Start of DATA EXTRACT

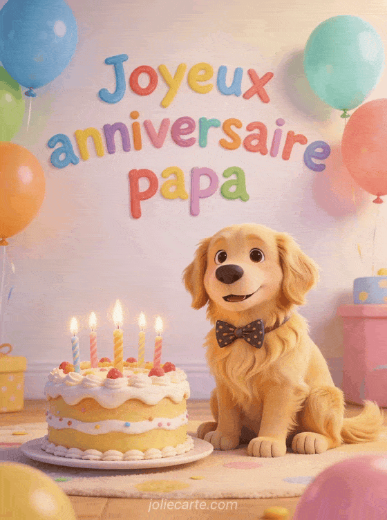 Partagez ce dessin festif pour fĂȘter l'anniversaire de papa avec un sourire. DĂ©couvrez aussi une carte anniversaire papa, un joyeux anniversaire papa ou une carte drĂŽle avec chiens.
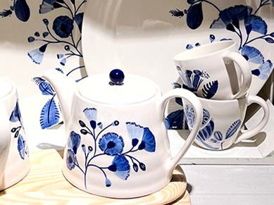 Hand painted floral motifs in blue and white tick the boxes for traditional country kitchen and cool coastal style.
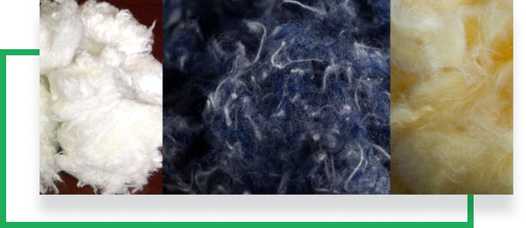 Our Reclaimed Fiber blends are created from textile waste that has been sorted by fiber type, defiberized and blended according to our 360° recycling process. Specialty fibers or flame retardant treatments can be added for specific performance characteristics. We produce our fiber blends from both post-consumer and post-industrial textile waste, and are able to work with our customers to create engineered grades to suit their processes. We have grades for a variety of applications. Contact us to learn more.
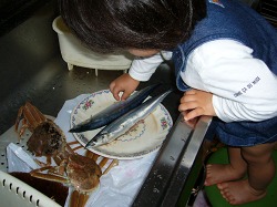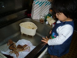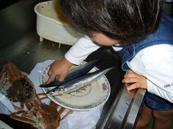 夕食のサンマと親ガニに興味を示す。
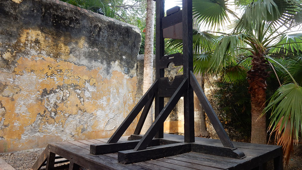 … which was, sadly, quite boring. Our guide tried to tell us about the place, and its significance at the time of the Inquisition, but a second group, who were right behind us, kept piling into each room while we were still there, and their guide started talking at the same time as ours, so it was all a bit of a dog’s dinner. Unfortunately, most of the information boards were only printed in Spanish, so there wasn’t a lot of interest to be gleaned from them. Three rather pitiful examples of torture implements, and a guillotine and noose in an outdoor yard went some way towards livening the visit up, but even then, maybe I was expecting something more akin to the London Dungeon – so I was always going to be underwhelmed.
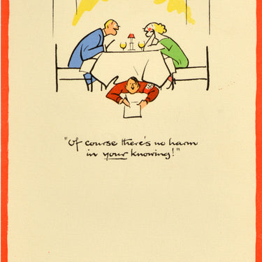 Original vintage World War Two poster by the notable British cartoonist and illustrator Fougasse (Cyril Kenneth Bird; 1887-1965), from the popular iconic Careless Talk Costs Lives wartime propaganda series issued by the Ministry of Information - Of course there's no harm in your knowing! - featuring a couple in a restaurant leaning forward over their wine glasses talking with an image of Hitler wearing a Nazi swastika armband lying under their table with a pen and paper taking notes, set within a red border with the stylised warning text in black lettering below. Very good condition, minor creasing, minor staining.
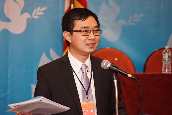 2017年正值纽约中国和平统一促进会成立35周年,马粤与团队商议决定,承办全美中国和平统一促进会联合会年会。马粤认为,由于台湾当局拒绝承认“九二共识”使得两岸关系和平发展受到威胁,此时两岸人民以及世界各地的中华儿女急需团结一致,共同反对“台独”,携手捍卫来之不易的和平发展果实, 因此将大会主题定为“海峡两岸和平发展论坛”。马粤希望以此次论坛为平台,邀请来自台湾海峡两岸及全美各地关心中国和平发展、支持中国和平统一的各界人士共同交流,为当前局势下的两岸关系出谋划策。历经几个月紧锣密鼓的准备,大会于2017年12月2日在纽约隆重举行。来自中国外交部、国台办、全国人大、中国侨联、中国和平统一促进会、中国驻美大使馆、中国驻纽约总领馆,台湾新党、国民党孙文学校、中华统一促进党、全美16个统促会组织的嘉宾代表,以及大纽约地区各侨团爱国人士共400余人出席大会。中国驻美公使李克新、国台办港澳局局长顿世新、中国和平统一促进会副秘书长韩晓光、中国社科院台研所副所长朱卫东、台湾新党主席郁慕明、孙文学校校长张亚中、中华统一促进党主席张馥堂等两岸知名人士发表讲话。大会期间,马粤亲自主持了有关“海峡两岸青年人如何为和平发展贡献力量”的分论坛,邀请来自台湾的新党年轻骨干王炳忠、侯汉廷与旅居美国的中国大陆、香港青年对话交流。会上,来自海峡两岸以及全美各地的嘉宾围绕如何维护两岸关系和平发展、促进中国和平统一展开热烈讨论。讨论中,大家对许多具体问题各持己见,看法各异,但始终在维护两岸关系和平发展、推动中国和平统一的共同目标上有着高度共识。大会期间,全美中国和平统一促进会举行换届仪式,马粤接受推选接任新一届全美中国和平统一促进会联合会执行会长。大会成功举办,交流成果斐然,给与会代表们留下了深刻印象,并在纽约地区引起了很大的轰动,同时也为纽约中国和平统一促进会未来发展,以及中国反“独”促统事业在美国的发扬光大开启了新征程。

End of DATA EXTRACT

> **THE TASK**
Write out again exactly the lines from the start of the data above through the line containing "Hand painted floral", inclusive, excluding any pictures.

> **ANSWER FOR THIS EXERCISE**
 Partagez ce dessin festif pour fĂȘter l'anniversaire de papa avec un sourire. DĂ©couvrez aussi une carte anniversaire papa, un joyeux anniversaire papa ou une carte drĂŽle avec chiens.
 Hand painted floral motifs in blue and white tick the boxes for traditional country kitchen and cool coastal style.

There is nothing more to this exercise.